Jackson Thompson

Personal information
- Full name: Jackson Gladwin Thompson
- Born: 7 February 1986 (age 40) Nasik, Maharashtra, India
- Batting: Left-handed
- Bowling: Right-arm off break

Domestic team information
- 2002: Gloucestershire Cricket Board
- 2007: Oxfordshire
- 2007: Gloucestershire
- 2010: Middlesex
- 2010–2011: Unicorns (squad no. 22)

Career statistics
| Competition | FC | LA | T20 |
| Matches | 1 | 17 | 6 |
| Runs scored | 32 | 327 | 68 |
| Batting average | 16.00 | 20.43 | 11.33 |
| 100s/50s | 0/0 | 0/1 | 0/0 |
| Top score | 21 | 54 | 32 |
| Catches/stumpings | 0/– | 3/– | 3/– |
- Source: CricketArchive, 21 May 2010

= Jackson Thompson =

Indian cricketer

Jackson Gladwin Thompson (born 7 February 1986) is an Indian born former cricketer who has represented Oman at under-17 level. He played as a left-handed batsman and a right-arm offbreak bowler in English county cricket.

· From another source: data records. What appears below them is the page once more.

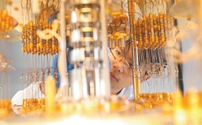 與時(shí)俱進(jìn)全面深化改革 深圳國(guó)際量子研究院超導(dǎo)量子計(jì)算實(shí)驗(yàn)室,實(shí)驗(yàn)人員正在調(diào)試稀釋制冷機(jī)。楊浩翰攝(人民視覺(jué))
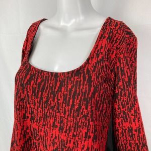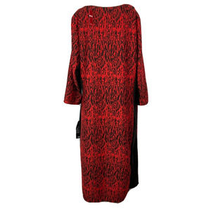 NWT Avenue Dress Womens Sz 18 20 Red Black Print Long Sleeve Sheath Midi Stretch
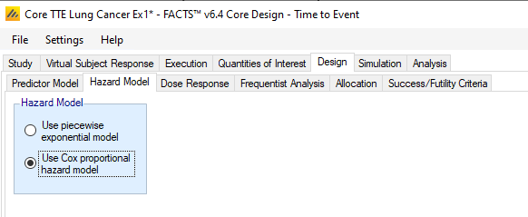 The two main differences in the design tabs available for a time-to-event endpoint, rather than continuous or dichotomous, are ways that the control arm hazard model is defined and the use of a predictor model.

Thompson made his first-class debut for the team in a County Championship match against Middlesex - though the match finished in an innings defeat for the Gloucestershire team. Thompson contributed 11 runs in the first-innings and 21 runs in the second-innings to the Gloucestershire total. Thompson made his Twenty20 debut in the 2008 competition. In 2010, Thompson was selected as one of 21 players to form the first Unicorns squad to take part in the Clydesdale Bank 40 domestic limited overs competition against the regular first-class counties. The Unicorns were made up of 15 former county cricket professionals and 6 young cricketers looking to make it in the professional game.